The Garland pose stretches the ankles, hips, groin and lower back. Use your elbows to actively push against the inside of your knees to open up the hips.

  • Put your hands together in prayer position.
  • Squat down with a straight spine, shoulders away from your ears.
  • Use your elbows to press against the insides of the knees to open up your hips. This should increase the stretch in your hips and groin area. You can shift your weight from side-to-side or add gentle twists to further open your hips further.
  • Breathe and hold for 30 seconds.

7) Seated Stretch

Do this stretch anytime you are sitting -while you’re working at your desk, watching television or in your airplane seat. You should feel this stretch around the groin, the outside of your hips and lower back.

  • Sit on a chair with your back straight.
  • Place your right ankle on your left knee -making sure that your ankle is positioned just below the knee (to prevent direct pressure on the knee).
  • Fold your torso forward until you feel a gentle stretch.
  • Hold for up to 60 seconds. Repeat on the other side.

What Causes Tight Hips?

The most common cause of tight hips is sitting for long periods of time. When we don’t stretch, the muscles in our hips become deactivated (2). Over time, the muscles around the hips become weak and shorten. We often don’t notice until we feel discomfort in our hips. Stretching reverses the effect of sitting by allowing the hip flexors and joints to elongate and move.

Causes for Hip Tightness:

  • Sitting for prolonged period with a tipped pelvis (weight unevenly distributed).
  • Postural habits while standing like leaning into one hip or leaning forward.
  • Sleeping all night on the same side of the body.
  • One leg longer than the other.

What are the Symptoms of Tight Hip Flexors?
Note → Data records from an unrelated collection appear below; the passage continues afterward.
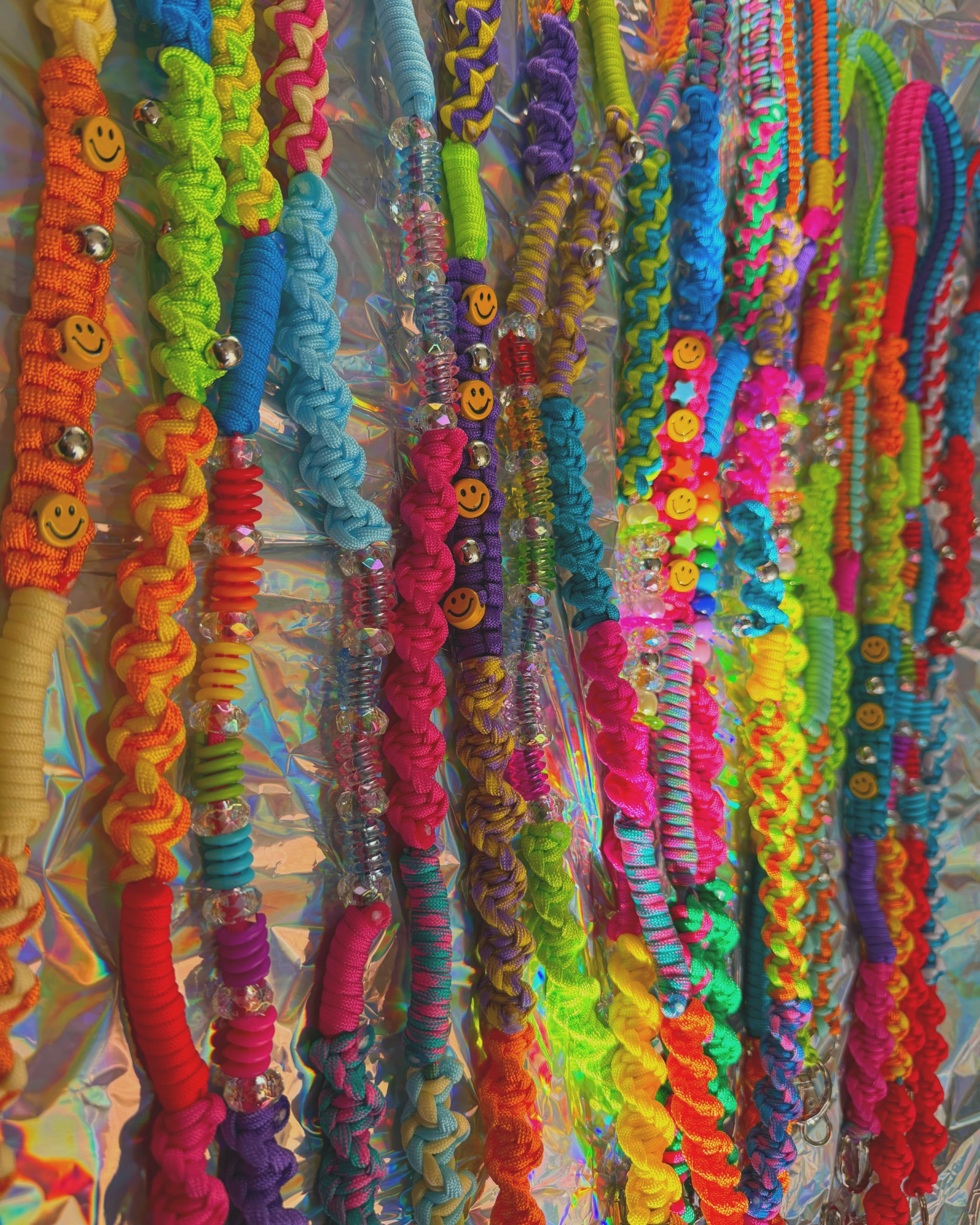 スマホショルダー 約130cm(ナスカン含む) ニコちゃんビーズと星のビーズで とにかくカラフルにHAPPYな気持ちになるようにと考えて制作しました☺︎ ⚠︎購入前に必ずshopping guideをお読みください。
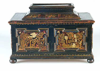 Kassette, die reich mit Chinoiserien bemalt ist. Die von verkröpften
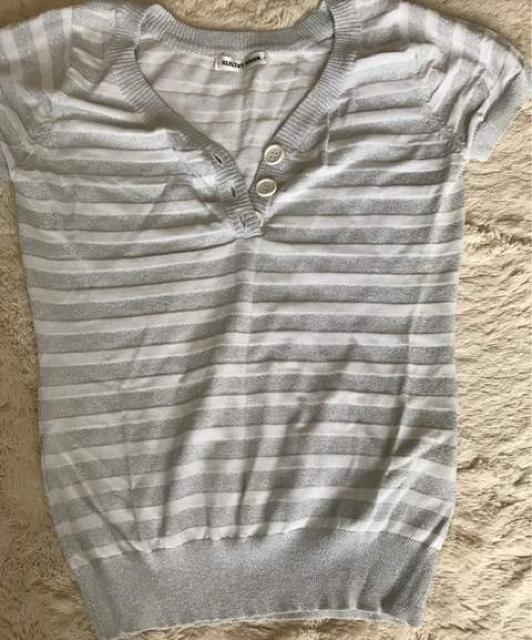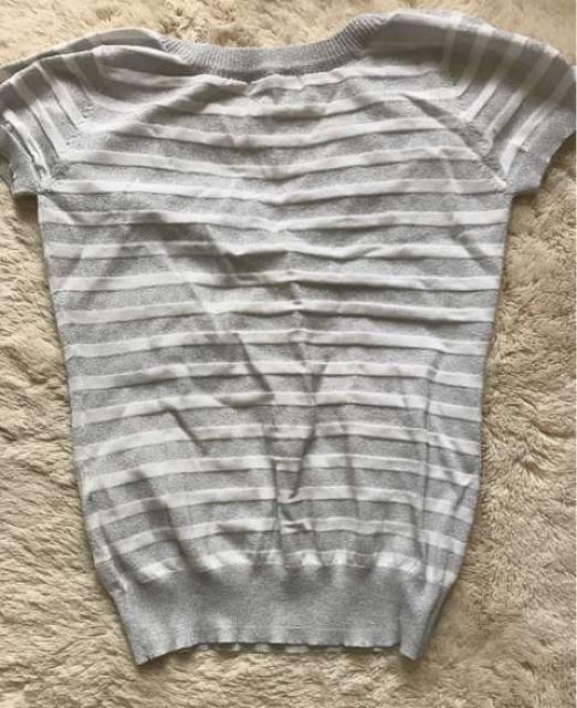 シルバーラメ入りのストライプの可愛い半袖トップスになります。
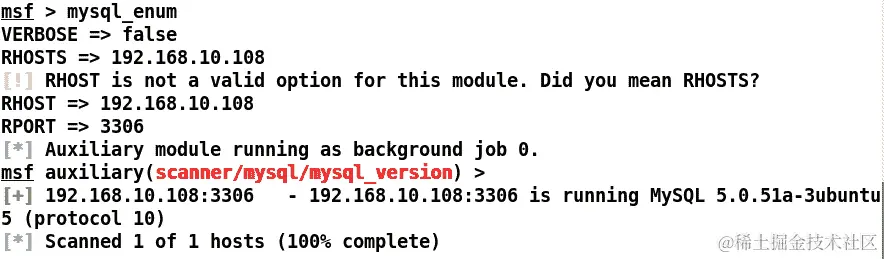 丰富!我们可以看到目标主机上有 MySQL 服务。让我们使用mysql_enum命令如下:

If your hip flexors you may notice discomfort or pain in your hips when you sit or stand. Your hips could limit your ability to perform exercises correctly or do leg stretches. 

Other Signs of Tight Hip Flexors: 

  • Tightness in your hip or groin area.
  • Tightness or an ache in your lower back while sitting or standing.
  • Poor posture and difficulty standing up straight.
  • Neck tightness and pain.
  • Pain in the glutes.

If your hips are tight, your pelvis may start to tilt forward which would increase the arch in your lower back. According to Charlee Atkins, C.S.C.S., instructor at Soul Annex in New York City (3), “people focus on the hips and say their hips are tight, but we don’t always think about the fact that the lower back connects to our legs at the hip”.

Thomas Test: How Do You Know If Your Hips Are Tight?

The Thomas Test is an easy way to access if your hip flexors are tight.

  • Sit at the very edge of a bench or table and lay down.
  • Bring both knees in towards your chest.
  • Drop your left leg down with your lower back pressed against the bench. Check to see the position of your left leg.

Thomas Test Assessment

  • Tight hip flexors – If the left thigh is lifting off the bench
  • Tight quads – If your left leg is straight rather than bent at 90 degrees.
  • Tensor Fasciae Latae (TFL muscle) is tight – If your leg is abducted or angled diagonally to the side.

Takeaway

To improve hip mobility, start by identifying if it’s your hips that are tight, then add these basic hip flexor stretches to your morning and night routine. This basic routine should take you about 10 minutes to do. More articles for how to strengthen and stretch hip flexors to come!